Conversely, I have never seen any more widespread threats to duration and quality of life than these three risky behaviors: reckless driving, recreational substance abuse and a sedentary lifestyle.  Reckless driving, fortunately, is relatively rare, as most of us seem to be able to stay in our lane and stop at the red lights, with some remarkable and hair-raising exceptions on our roads and highways.

However, the most common major reckless behavior of our time, sedentary lifestyle, is casually indulged by a majority of 21st century Americans.  It is casually indulged, as if there were no victims to this behavior, and as if no harm is expected to come of it.  Both assumptions are false, for the following reasons.

The American College of Sports Medicine recommends 150 minutes of exercise per week, broken up into any intervals, of any combination of sports or other movement, for every living person.  To state the obvious but incomprehensible:  This means you -regardless of who you are, your age, your pathetic excuses or your health condition.  This recommendation is for Americans of both genders and every last generation even at the extremes, and it is seconded by the Centers for Disease Control.i  The benefits of long-term exercise have been known throughout human history.  Hippocrates warned circa 400 BC, “Eating alone will not keep a man well.  He must also take exercise.”ii

I cannot tell you how many sedentary people come in to me amazed when they do not get better, having not comprehended my many exhortations to move and to move frequently, and that their very lives depend on it.

Yet contemporary Americans are content to leave sports to star athletes and youthful up-and-comers.  Only 1 in 5 Americans get the recommended 150 minutes of exercise per week.  The rest are literally time bombs for chronic disease.  Worse yet, nearly half of high school students – at or near peak physical performance of their lives – do not have a weekly PE class.iii

The recklessness of not exercising includes a greatly increased risk for Alzheimer’s Disease, as exercise is now known as the most effective intervention against onset and progression of Alzheimer’s.  This poses a threat not only to the wellbeing and quality of life of the individual, but to his safety and that of his family.  Likewise, the older woman who chooses not to exercise has increasingly brittle bones, a life-threatening hip fracture waiting to happen.  Pre-diabetes and full-blown Type II diabetes are far more prevalent among the sedentary, because lack of exercise impedes blood sugar metabolism.
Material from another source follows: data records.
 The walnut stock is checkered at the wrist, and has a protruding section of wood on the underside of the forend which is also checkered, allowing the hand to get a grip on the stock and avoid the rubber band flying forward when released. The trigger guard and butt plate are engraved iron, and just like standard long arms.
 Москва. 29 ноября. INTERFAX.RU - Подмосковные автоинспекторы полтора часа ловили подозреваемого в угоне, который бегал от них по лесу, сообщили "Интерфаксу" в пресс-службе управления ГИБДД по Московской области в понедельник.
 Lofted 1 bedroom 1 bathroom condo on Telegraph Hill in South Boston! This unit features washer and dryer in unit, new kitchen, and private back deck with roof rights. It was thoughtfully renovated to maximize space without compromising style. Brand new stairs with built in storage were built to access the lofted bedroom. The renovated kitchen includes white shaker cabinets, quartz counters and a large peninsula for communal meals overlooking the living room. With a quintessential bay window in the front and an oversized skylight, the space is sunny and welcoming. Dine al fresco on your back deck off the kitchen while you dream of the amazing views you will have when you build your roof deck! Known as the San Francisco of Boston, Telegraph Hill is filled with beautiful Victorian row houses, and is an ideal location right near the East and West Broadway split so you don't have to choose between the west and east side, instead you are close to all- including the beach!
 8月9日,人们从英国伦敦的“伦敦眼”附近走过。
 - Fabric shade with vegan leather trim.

The most stubbornly sedentary among us may be asking why humans are cursed with exercise as a pre-requisite and co-requisite of good health.  I may as well ask why I was cursed with having to nag people to move day after day and decade after decade, in order to help them to get well.

But it is not only these diseases that are very high risk for those with a sedentary lifestyle.  Cancer is more likely to strike the sedentary than the non-sedentary.   There you have it – the cause of cancer:

In an experiment with mice that were genetically disposed to age prematurely, Mark Tarnopolsky of McMaster University in Ontario, divided the mice into two groups.  The first group of mice were sedentary.  The second group were coaxed on a treadmill three times per week.  As expected, the sedentary mice had weaker hearts, thin fur, worse hearing and were shivering in a corner.   The healthy mice had sleek coats, ran around their cages, reproduced.  However, with regard to cancer, when the mice were sacrificed at the end of the study, half of the sedentary mice had tumors.  None of the active mice had any tumors at all.iv  None!
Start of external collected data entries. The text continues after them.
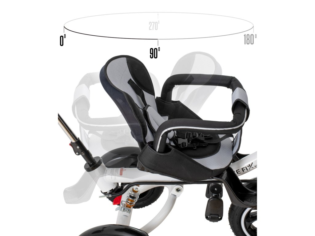 - otočné sedlo o 360° - umožňuje polohovat dítě dopředu nebo dozadu pouhým stisknutím tlačítka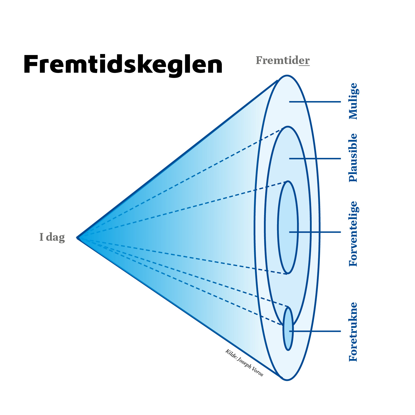 Længere ude, i fremtiden, bliver rummet bredere, og det giver mindre mening at sætte sin lid til én kurve. Her arbejder vi på tværs af forventelige, plausible, mulige og ønskværdige fremtider, som vi kan forestille os, og så bruger vi dem som pejlemærker. Til hjælp kan man benytte et værktøj som fremtidskeglen, som Joseph Voros har gjort til et kendt redskab. Pointen er ikke at overkomplicere tingene, men i højere grad at undgå at blive fastlåste eller ensporede i vores forventninger om, hvad der kan ske.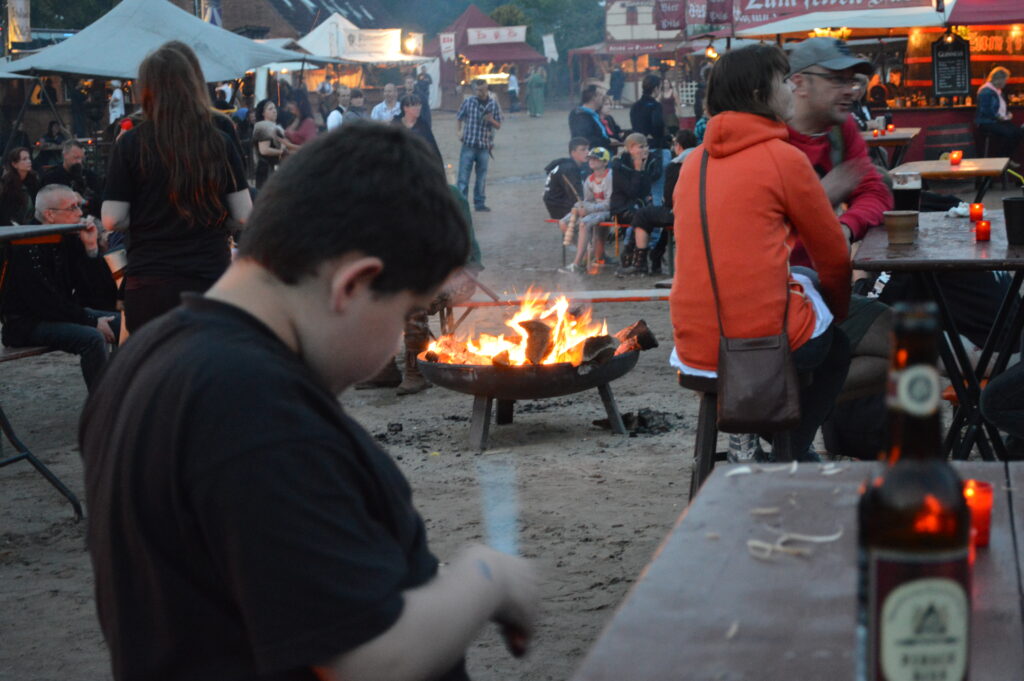 Nach einer Nacht im Zelt – Morgenrunde mit Quentin auf der Allee und dann Frühstück im Restaurant.

There could not be a more stark contrast between a group that’s high risk for cancer and a group that’s low risk than these sedentary versus active mice.
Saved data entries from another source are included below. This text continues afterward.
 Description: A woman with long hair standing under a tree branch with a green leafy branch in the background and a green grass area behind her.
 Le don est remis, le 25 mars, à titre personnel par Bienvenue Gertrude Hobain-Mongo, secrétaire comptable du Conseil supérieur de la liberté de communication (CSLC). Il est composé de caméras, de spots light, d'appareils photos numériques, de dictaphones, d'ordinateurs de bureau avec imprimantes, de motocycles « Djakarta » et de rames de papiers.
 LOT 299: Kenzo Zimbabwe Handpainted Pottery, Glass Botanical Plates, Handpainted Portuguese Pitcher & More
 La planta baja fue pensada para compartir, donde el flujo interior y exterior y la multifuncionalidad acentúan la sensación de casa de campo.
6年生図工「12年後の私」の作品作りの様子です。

In my clinic, I exhort people to exercise, and I see all kinds of people.  Some are already on their treadmills or other exercise of their choice.  The majority tell me they don’t exercise much, and that they don’t mind going for a walk in the cool weather.  Here in the Phoenix area, some consider cool weather to be only the six months from mid-October to early April.  So I often hear from patients that they don’t want to walk, or haven’t been walking because it’s too hot.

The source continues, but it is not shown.